Over the years I have become more of a minimalist. Moving into an RV full time helps that transition. Every purchase I make comes with the question, “Will it fit in the RV?” Amazingly, things in the store look a lot smaller than they do in the motorhome. Even that bag of chips you picked up at Costco, because they were such a good deal, takes up two square feet of your very limited space.

When I try to convey a message to family members that we really do not need anything, they still insist on giving a gift. Living the minimalist lifestyle means we put more value on experiences than we do on things. But you don’t need to be a minimalist to feel the joy of having an experience with a loved one instead of a physical gift that will fade with time.

Giving experiences instead of stuff shows you really know something about that person. You know they like to ride the scariest roller coaster at the amusement park, or attend the local symphony’s performance of the Nutcracker. And sharing the experience with them is even better.

Traditions are made from experiences, not stuff.

In the beginning of this story, the 53 year old probably has what they need. This means they are extremely difficult to buy for. Am I right? We all have those people in our lives. Gifting an experience can be a simpler option in some cases. Would they enjoy going to a concert? A National Park pass? A course to learn how to paint?

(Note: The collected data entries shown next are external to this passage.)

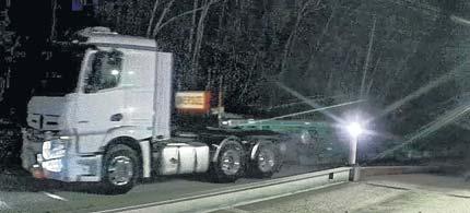 A white Mercedes Actros prime mover with two long green trailers was caught on CCTV arriving at a weighbridge at 4:20am.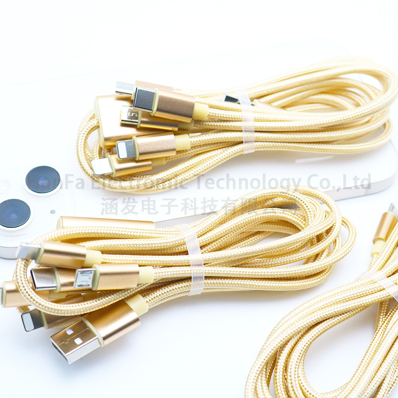 厂家直销外贸产品重金属一拖五铝合金编织手机充电线数据线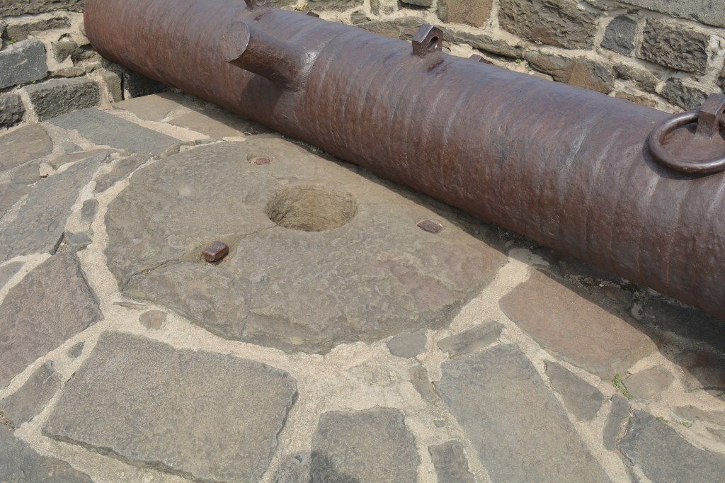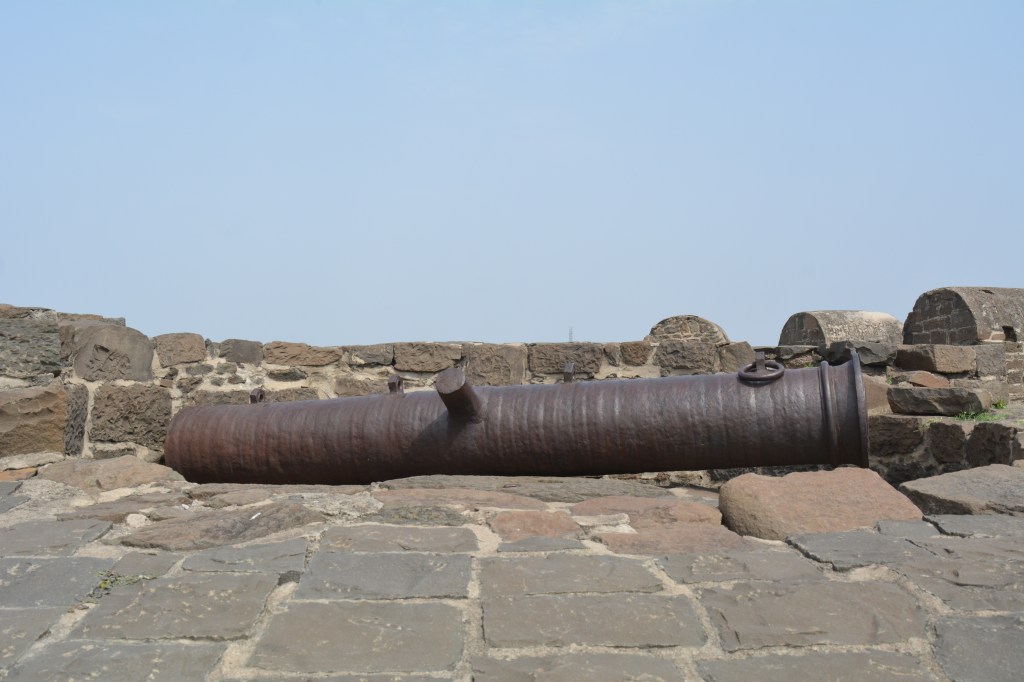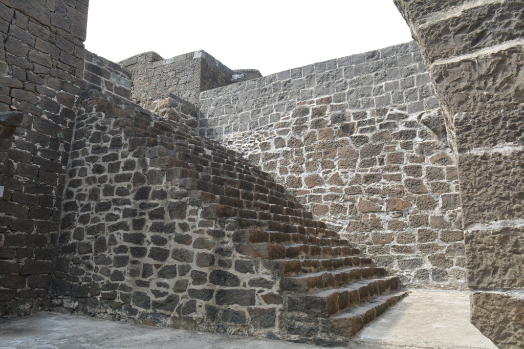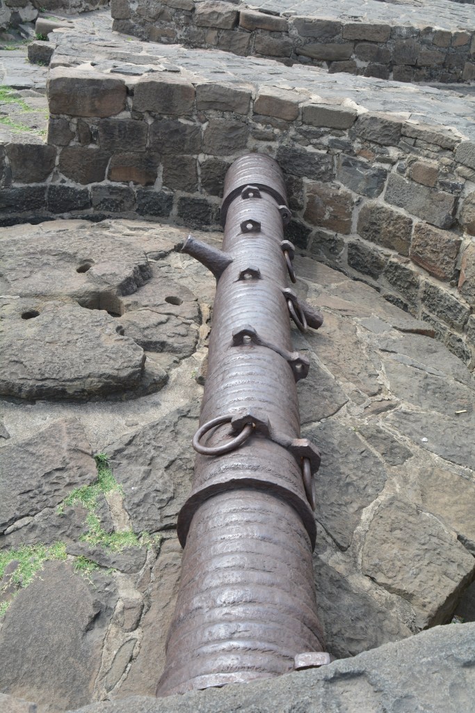 There are rock cut stone steps to climb the bastion, leading to the top, where the 3 huge cannons are placed.
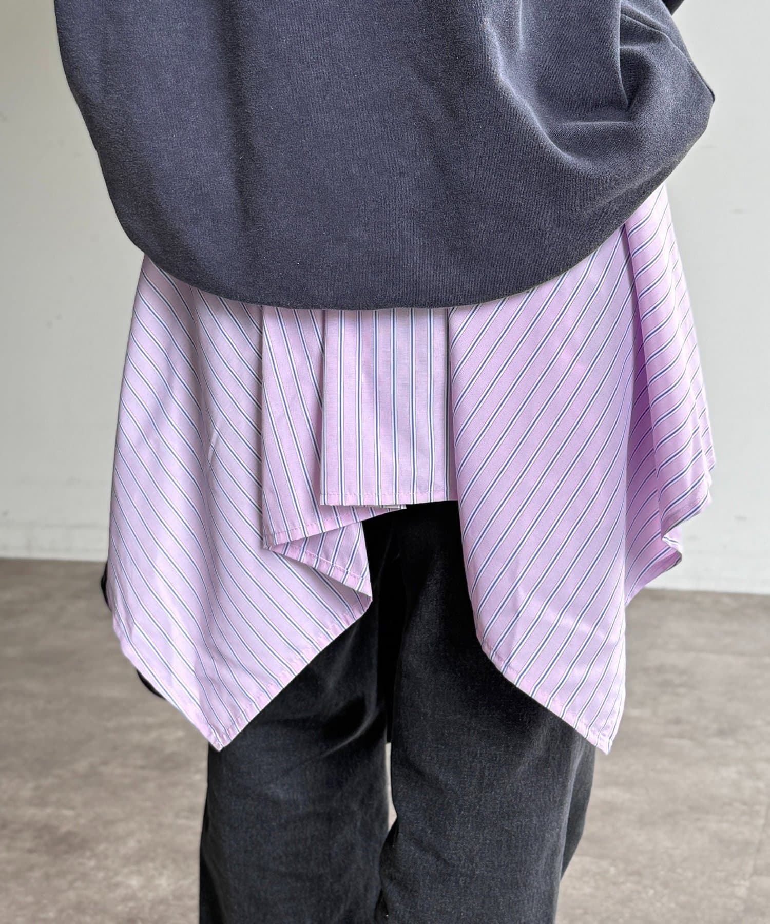 ランダムに見える裾がシャツを巻いたようなデザインでトレンド感UP!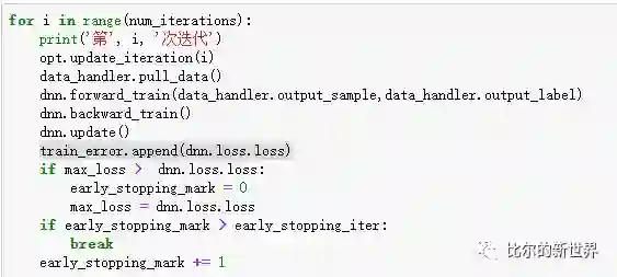接下来可以开始训练了,每次拉取一批数据data_handler.pull_data(),然后进行前向传播dnn.forward_train(),后向传播dnn.backward_train(),更新参数dnn.update(),记录训练误差train_error.append(dnn.loss.loss),这个过程反复很多次,直到训练误差连续15次都没有降低( 通过early_stopping_iter参数进行设置):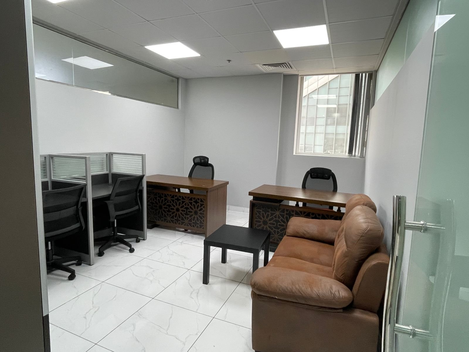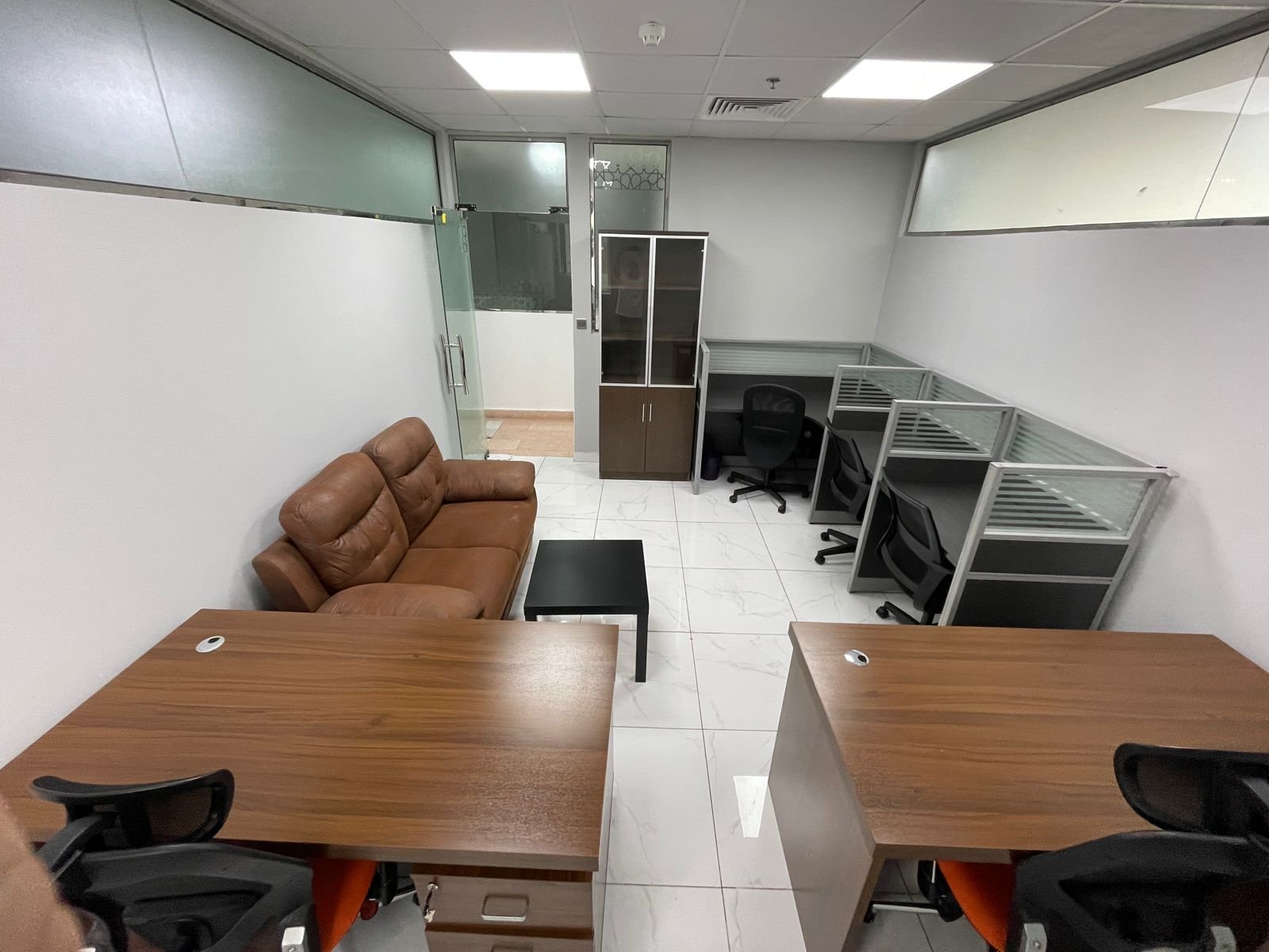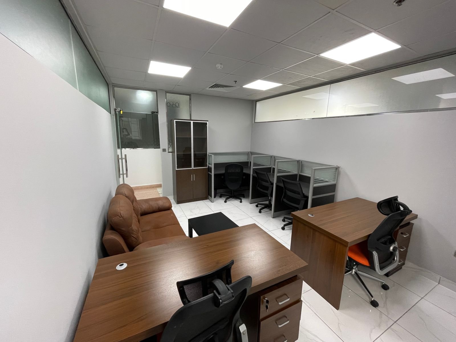 • Layout: Glass-partitioned cabins and meeting rooms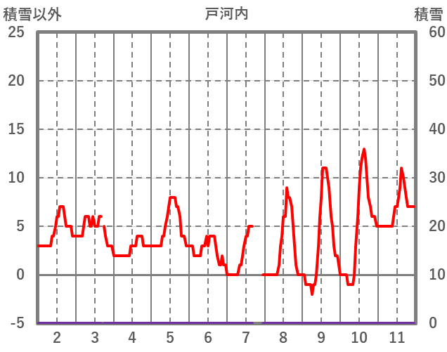 | 日 | 時 | 気温 | 降水 | 風向/風速 | 日照 | 積雪 | 降雪 |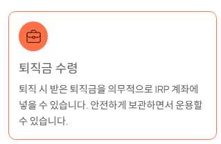 - 퇴직 시 받은 퇴직금을 의무적으로 넣을 수 있고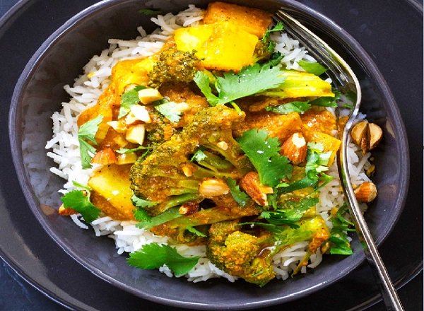 البروكلي مع البطاطس طبق هندي لمحبي الكاري، مع صلصة غنية بدون كريمة، البروكلي مع البطاطس حارة ولكنها ليست حارقة ولا ضارة، هذا الطبق الهندي المليء بالخضار لذيذ وشهي وسر القوام الكريمي للصلصة هو اللوز .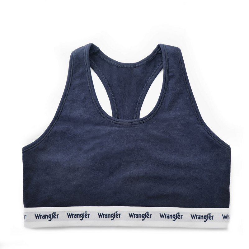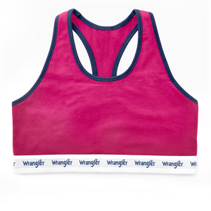Features: Wrangler iconic logo elastic, scoop neck with racer back shaping, soft hand feel fabric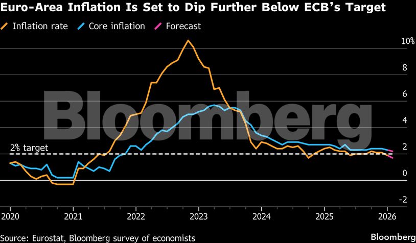 Ο πληθωρισμός στη ζώνη του ευρώ υποχώρησε ήδη οριακά κάτω από το 2% τον Δεκέμβριο και αναμένεται περαιτέρω επιβράδυνση. Οι οικονομολόγοι προβλέπουν ρυθμό 1,7% για τον Ιανουάριο, με τα στοιχεία να ανακοινώνονται την Τετάρτη.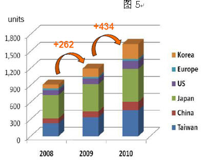 晶粒方面,預估全球MOCVD數量逐步增加(圖5),其中以韓國和臺灣廠商最為積極,Samsung, LG Innotek以及AUO旗下的Lextar都將增加MOCVD機臺數量至目前的2~3倍。到2010年底,預計全球高亮度LED晶粒月產能將接近200億,但目前市場應用仍以移動終端產品和汽車照明用為主,前兩者的應用比重高達55%,但TV用背光源應用比重總體仍將難突破20%,因此背光源缺貨狀況的緩解將需要較長時間。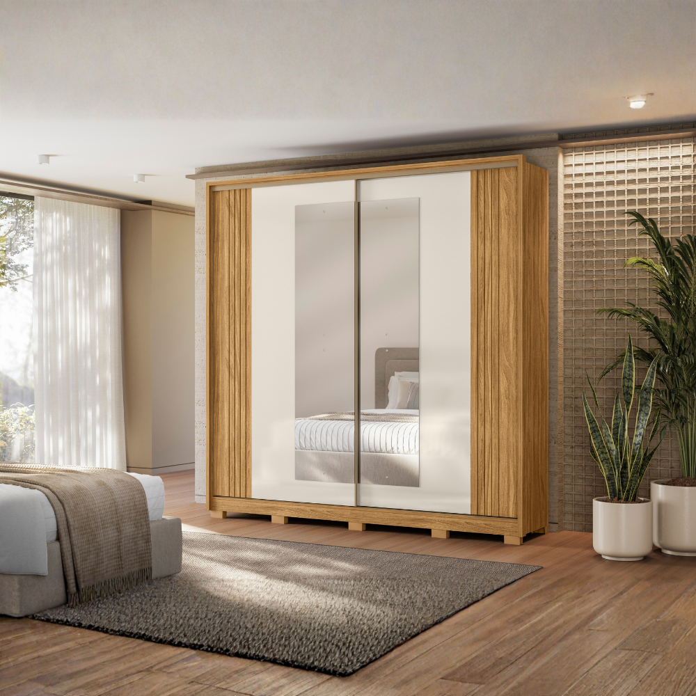 Guarda Roupa Dunas, a sofisticação e design que elevam o ambiente! Produzido em MDP de 12/ 15/ 25 mm (fundo em MDF de 2,5 mm) com acabamento em pintura UV. Possui portas de correr com abertura por trilho em alumínio, ambas com detalhes laterais em frisos de baixo relevo, espelhos centralizados, puxadores perfil em alumínio e sistema anti empenamento. Dispõe ainda de amplo espaço interno, com gavetas com corrediças telescópicas, maleiro espaçoso, prateleiras e nichos, além de cabideiro e calceiro em alumínio. Kit pés em plástico incluso, montagem opcional. Produto será entregue em 5 volumes.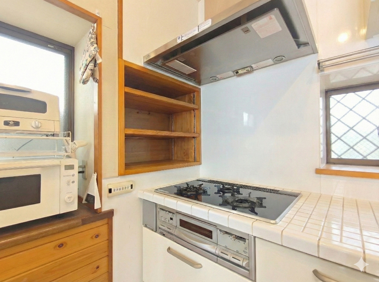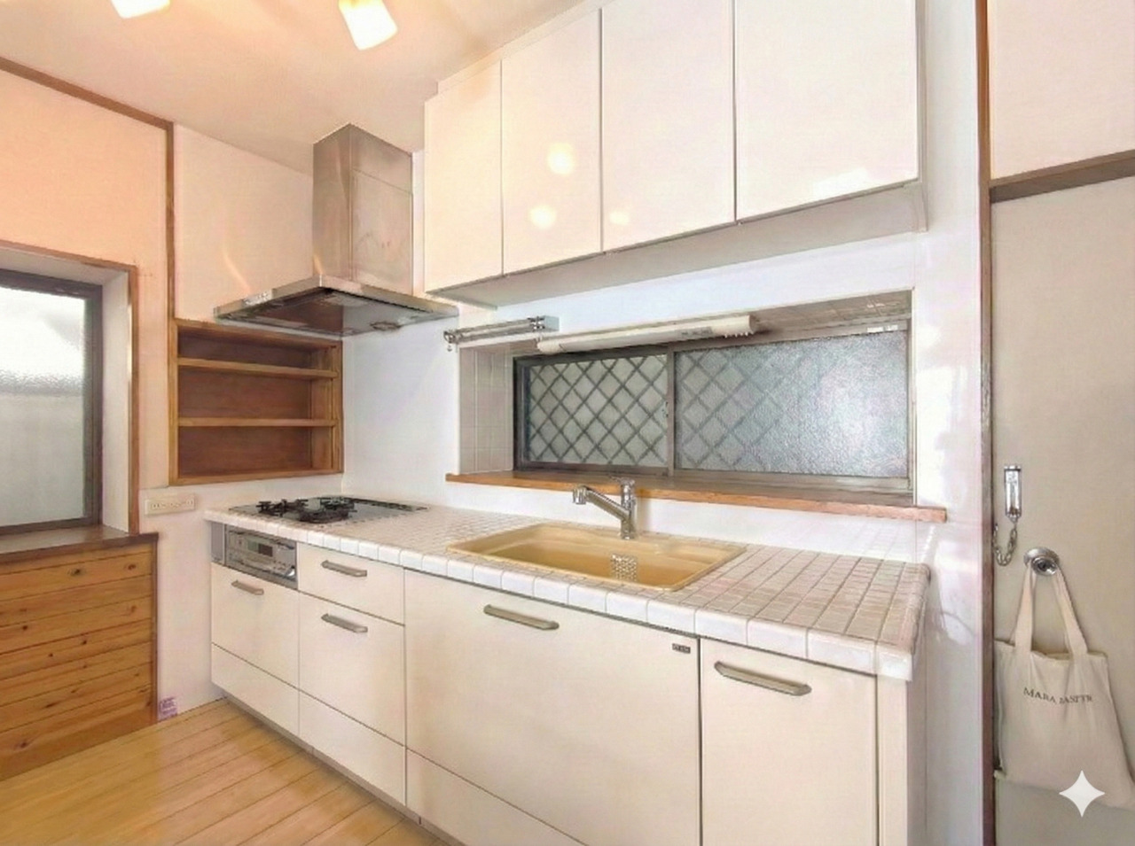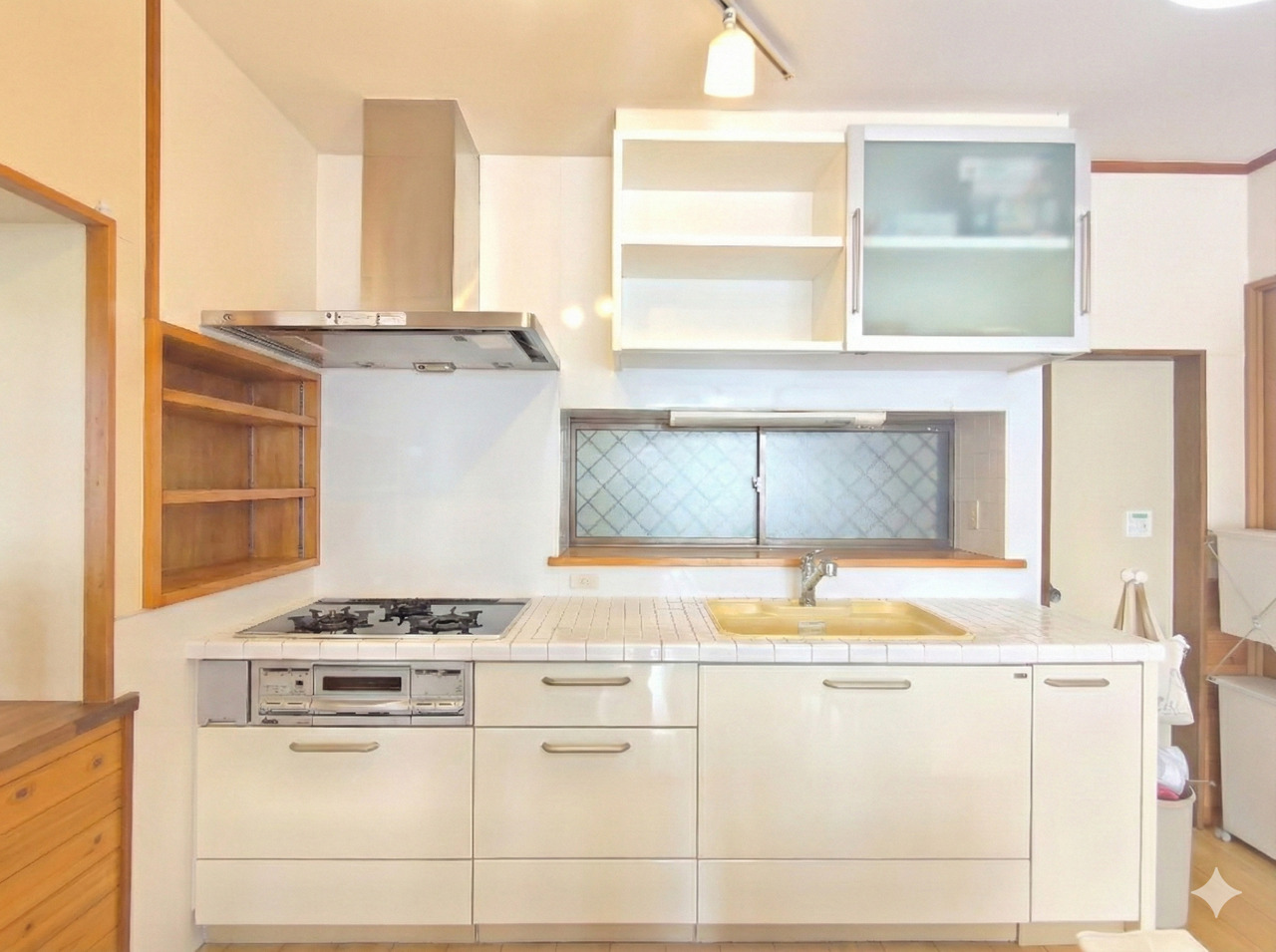 壁付けのシステムキッチン。 吊戸棚収納も備え付けられており、収納力を兼ね備えたキッチンです。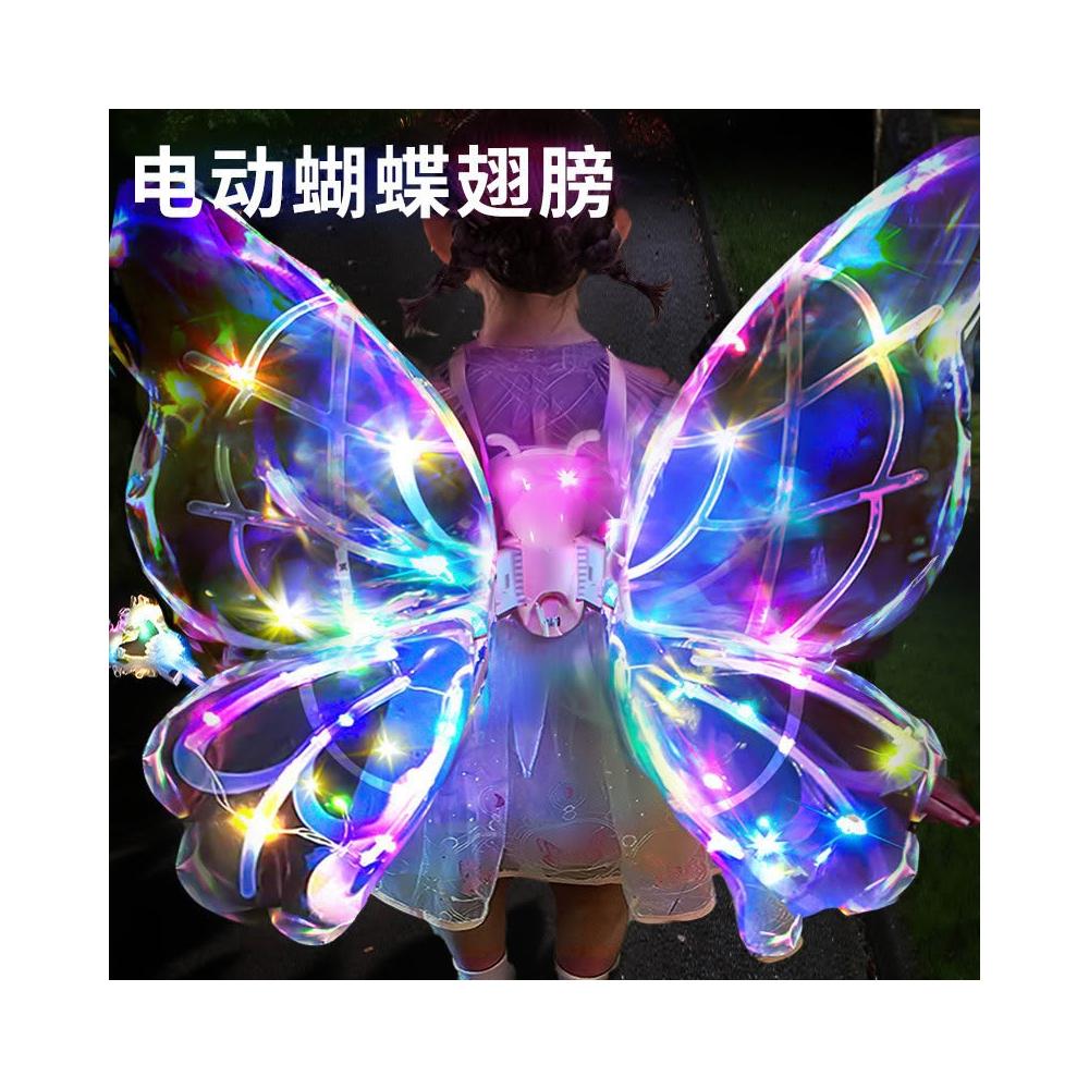 兒童女孩發光蝴蝶電動翅膀帶燈七色彩燈玩具音樂天使精靈翅膀地攤

If you love this person enough to get them a gift, you also know what they love to do.

You get the point. Now what can you do next.

  • Pull out your calendar and write in all your important gift giving dates – birthdays, anniversaries, graduations, holidays, etc.
  • Create a spreadsheet with the person’s name in one column, and ideas for experiential gifts in the second column. Look at local events that are scheduled within a month of those gift-giving dates.
  • Keep this list with your calendar so you can easily pull it out as you flip the page on your calendar.

This will eliminate the stress that comes around gift giving. You know the kind when the date is next week and you need to mail something 1,500 miles away.

We used to give big experiences to my parents when they were alive. My dad loved trains and worked around them for years until he retired. They retired to Florida, and we ended up living in many places out west. While we were in western Colorado, we had them fly into Denver and arranged for train tickets on the California Zephyr, which winds its way across the Rockies. Another gift was a week on a houseboat with us in Lake Powell.

Each year we tried to give them memories, and that is what we did. Now that they are gone, I still have those memories.